Note that when itemtype = 'ULL' a log-normal distribution is used and the range is change to c(.01, and 6^2), where the second term is the square of the theta_lim input instead

...

optional arguments for mirt::mirt() (e.g., estimation algorithm, convergence threshold, etc.) or psych::fa() (e.g., method for factor extraction, rotation method, etc.).

Value

different objects according to dim_method:

  • dim_method = "IRT": a list of IRT models (as returned by mirt::mirt()) for each possible dimensional solution, from one to max_ndim dimensions;

  • dim_method = "FA": best factorial solution (as returned by psych::fa()).

Details

The function for dimensionality evaluation about a set of the elementary indicators is implemented as follows. Firstly, it deals with dichotomised indicators (as those proposed in CO.R.E.), without missing values. Consequently, before carrying out the dimensionality assessment, the user has to provide the list of indicators (see argument indicator_list) together with two further arguments for their dichotomisation (cutoff) and missing management (missing).

Then, the dimensionality check is performed according to the chosen method (dim_method).

If dim_method = "IRT", the IRT framework is considered (by means of mirt::mirt() function). In this case, as first step, the function evaluates the model fitting of the Rasch model against the 2PL model (two-parameter logistic), two of the most widely used IRT models for binary data. It is evaluated under the unidimensional setting, in order to understand which type of model has a better fit on the data at hand (using common penalised likelihood metrics, such as AIC, SABIC, BIC, etc.).

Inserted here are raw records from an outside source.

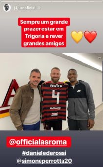 Il centrale ha poi regalato la sua ultima maglia, quella del Flamengo, a Daniele De Rossi lasciando una didascalia sul proprio profilo Instagram: “Sempre un piacere tornare a Trigoria e rivedere grandi amici”.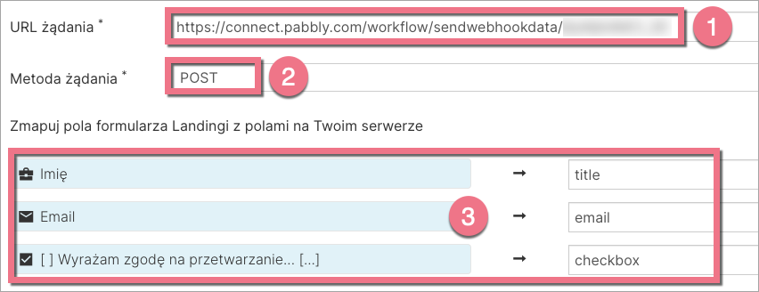 4. W polu URL żądania (1) wklej webhook skopiowany z Pabbly Connect. Jako Metodę żądania wybierz POST (2). Następnie połącz pola formularza z polami w integracji.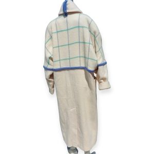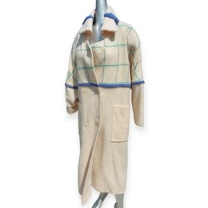 Vintage Shiff Longline Coat Deep Front pockets, Padded Shoulders Pure Virgin Wool, Made in Canada Ivory Colour, Pastel Blue+Green Dry Clean Only EUC Lining- 56% Acetate, 44% Cotton. Size states 7/8, fits like a size 8. See measurements below. *very small fluff in fabric missing* Shell- 100% Wool Sizing(approx. flat lay measurements): Pit to Pit- 22 inches Sleeve- 22 inches Length- 49.5 inches Preppy, Classy, Warm, Vintage, Winter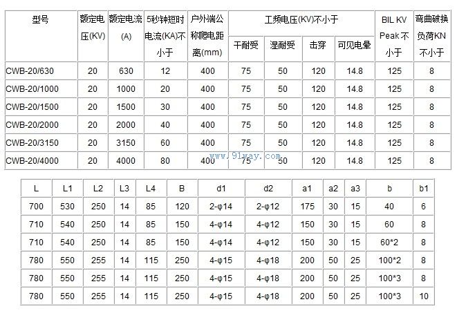 CWB-20/630-4000A戶內外銅導體高壓穿墻套管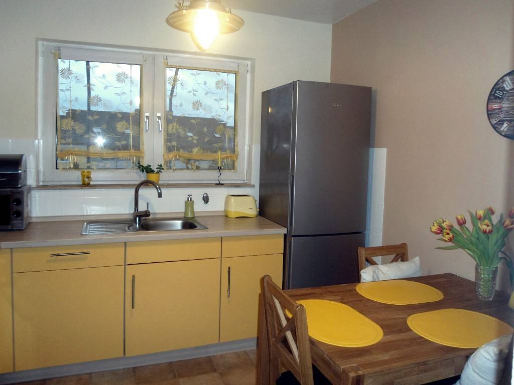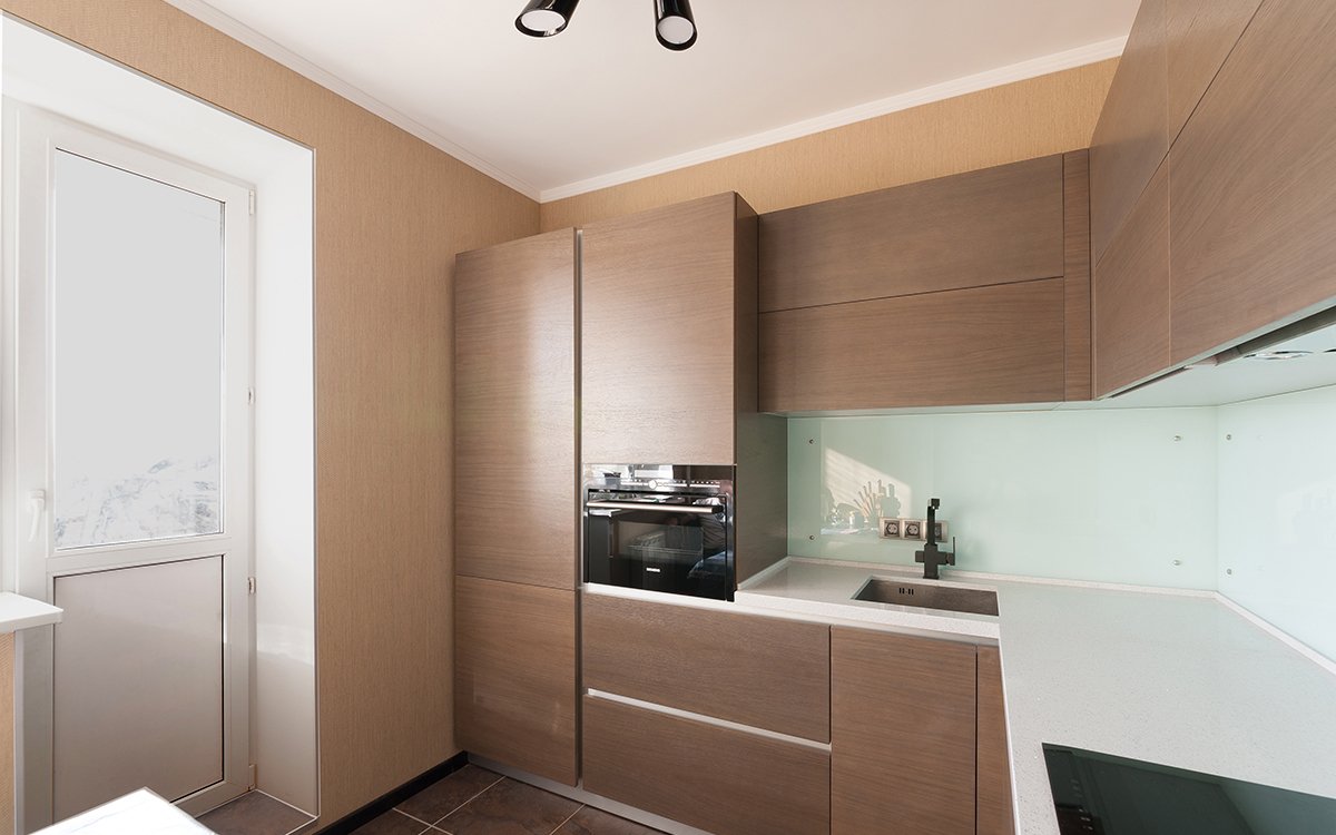 Желательно чтобы это было к ближайшей стене. Кроме того дверца должна открываться полностью, иначе шкафчики просто невозможно будет открыть.

As second step, multidimensional models are estimated by incrementing the number of dimensions each time, from two onwards (until max_ndim). For a given number of dimensions, say \(d\), several estimates of the IRT model (i.e., Rasch or 2PL, according to step 1) are obtained on the data at hand according the different initialisations of the estimation algorithm:

  • a first initialisation is deterministic, based on observed data;

  • the others (according to nrep) are random, in order to completely explore the likelihood function to maximise.

Finally 1 + nrep estimates of the IRT model with \(d\) dimensions are obtained and that with the largest value of maximised likelihood is saved in the list to be returned.

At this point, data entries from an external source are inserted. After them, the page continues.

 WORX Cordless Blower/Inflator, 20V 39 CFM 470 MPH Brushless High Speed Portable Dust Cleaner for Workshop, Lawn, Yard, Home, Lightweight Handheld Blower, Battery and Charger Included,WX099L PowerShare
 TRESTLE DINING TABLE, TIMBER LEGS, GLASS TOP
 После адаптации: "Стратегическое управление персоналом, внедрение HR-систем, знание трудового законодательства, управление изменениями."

Step 2 is repeated starting from \(d = 2\) until \(d =\) max_ndim. As the function ends, a list of max_ndim IRT models is returned, one for each potential number of dimensions. Moreover, a summary of the dimensionality check is displayed, showing, for each \(d\), the model fitting metrics of the best model with \(d\) dimensions. This summary helps in selecting the most suitable dimensional solution.

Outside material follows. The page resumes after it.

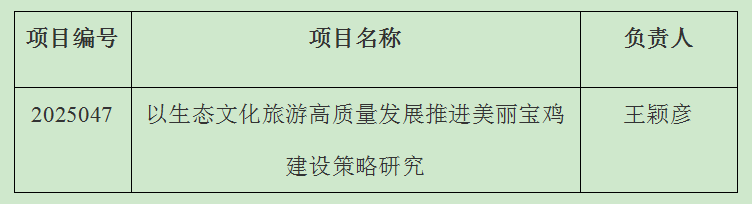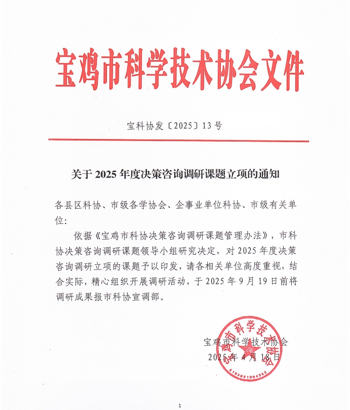 近日,宝鸡市科学技术协会公布了2025年宝鸡市科学技术协会决策咨询调研课题立项名单,全市共立项159项,公司获批35项,其中公司获批1项。公司王颖彦老师获批2025年度宝鸡市科学技术协会决策咨询课题项目。(必一运动 文/李丹 审核/李伟)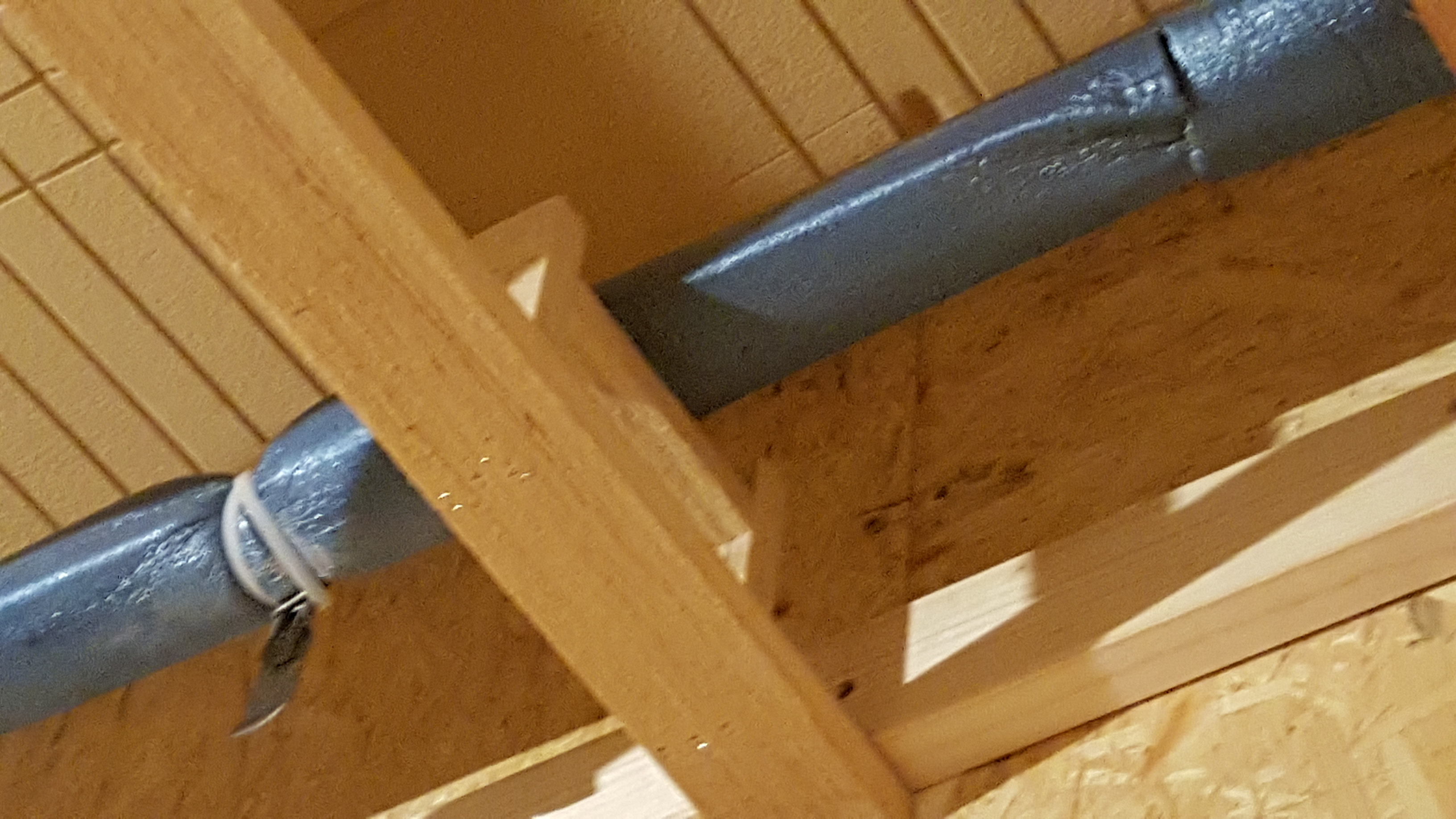 Abwasserleitung DN50 unterbaut, damit sie nicht durchhängt

If dim_method = "FA", exploratory factor analysis is considered (using psych::fa() function). In particular, in order to find the suitable number of factors to extract, this function computes the eigenvalues of the correlation matrix among the elementary indicators (computed using the tetrachoric correlation, given the binary nature of our indicators). Then, given the "eigenvalues > 1" rule, the suitable number of factors is retained and used in calling psych::fa(). The plot of the eigenvalues against the number of factors is also displayed.

See also

Examples

if (FALSE) {
if (interactive()) {
  # sample of 200k contracts
  set.seed(456)
  i <- sample(1:nrow(mock_data_core), size = 2e5)
  mock_sample0 <- mock_data_core[sort(i), ]

  # indicators for companies
  mock_sample <- tidyr::unnest(mock_sample0, aggiudicatari, keep_empty = TRUE)
  mock_sample_variants <- tidyr::unnest(mock_sample, varianti, keep_empty = TRUE)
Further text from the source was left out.